The Looting of America: How Wall Street’s Game of Fantasy Finance Destroyed Our Jobs, Pensions and Prosperity and What We Can Do About It.
Les Leopold.

Paperback: Chelsea Green, 2009.
Buy now: [ Amazon ]

Rich: The Rise and Fall of American Wealth Culture.
Larry Samuel.

Hardback: AMACOM, 2009.
Buy now: [ Amazon ]


The Seven Faith Tribes:
Who They Are, What They Believe and Why They Matter
.
George Barna.

Hardback: Barna Books, 2009.
Buy now: [ ChristianBook.com ]

Those of you who have listened to William Cavanaugh’s insightful telling of the story of the recent financial collapse will find a similar story told in more detail in Les Leopold’s The Looting of America: How Wall Street’s Game of Fantasy Finance Destroyed Our Jobs, Pensions and Prosperity and What We Can Do About It.  Leopold deftly weaves the tale of how corporate financiers created products such as Collateralized Debt Obligations (CDO’s) and Credit Default Swaps (CDS’s) to artificially generate profit for themselves and set the nation’s (and the world’s) economy on a crash-course.  Leopold’s critique of the financial system here is excellent, but he is repeatedly unwilling to critique the widespread greed and unsustainable expectations for profit held by investing individuals and organizations.  He concludes the book with two chapters of “proposals Wall Street won’t like,” which are rooted in a much more sensible economics and leave the reader with much to ponder.
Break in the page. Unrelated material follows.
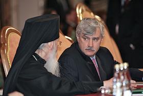 Полномочный представитель Президента России в Центральном федеральном округе Георгий Полтавченко (справа) на церемонии открытия XI Всемирного Русского Народного собора в Зале Церковных Соборов Храма Христа Спасителя.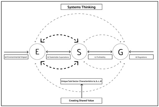 Considering the two approaches, the pillars of ESG, environmental (E), social (S), and governance (G) represent distinct yet interconnected aspects of a company, purposefully assembled with the weighted average of these three pillars [58], aligning with a systems thinking approach [10]. Also, while ESG focuses on the non-financial aspects of companies, high ESG performance leads to better overall performance, including financial performance, such as net profitability and stock return performance [59]. As CSV aims to enhance economic performance while considering environmental and social factors [16], taking these two approaches into account will enhance the comprehension of the system. Furthermore, the literature has indicated that improvements in one ESG dimension may positively impact others. For example, in [60], it was concluded that environment investments increased social satisfaction in China by reducing air pollution, and [13] concluded that corporate wildlife habitat programs boosted employee morale, enhanced relationships with environmental groups and communities, and improved regulatory compliance. It was also obvious that the impact works in multiple directions, as stakeholders—including governments, regulators, clients, and NGOs—exert pressures on firms to adopt environmental management practices beyond regulatory requirements [14,61]. Moreover, governance applications, such as enhanced access to environmental risk and gaining maturity in corporate environmental governance, enhance stakeholder relations [62,63].

I found Larry Samuel’s new book Rich: The Rise and Fall of American Wealth Culture to be a disturbing complement to Leopold’s work.  Samuel traces the history of America’s über-rich class (which he notes is the “first mass-affluent class in history”) over the course of the twentieth century.  Samuel’s work is fascinating as a cultural history, but it also illuminates – albeit without much reflection – the ubiquitous American desire to enter into this elite class of the richest, a reality that Leopold seemingly wants to avoid discussing.  One of the most intriguing themes in Rich is Samuel’s exploration of how the wealthiest class reconciled their fortunes with Christian faith.  Essential to this justification was the concept of “stewardship,” and the story that Samuel narrates here resonates nicely with Kelly Johnson’s critiques of stewardship in her recent book Fear of Beggars (Eerdmans 2007).

And now for something completely different…

George Barna’s recent book The Seven Faith Tribes: Who They Are, What They Believe and Why They Matter tackles, in the typical demographic fashion on which we have come to expect from the Barna brand, a religious and political assessment of the broader American culture.  The book, premised on the question “What will it take to restore our country to greatness?” is lacking in serious reflection on – e.g., on questions like what is “greatness” and why should the United States aspire to it and at what cost?  The nationalism that undergirds Barna’s work might work well for selling books especially in a time of apparent national crisis, but it does little to nurture (and arguably is at odds with) the trans-national Kingdom of God that has been secured in the death and resurrection of Jesus and is now breaking into and transforming the world.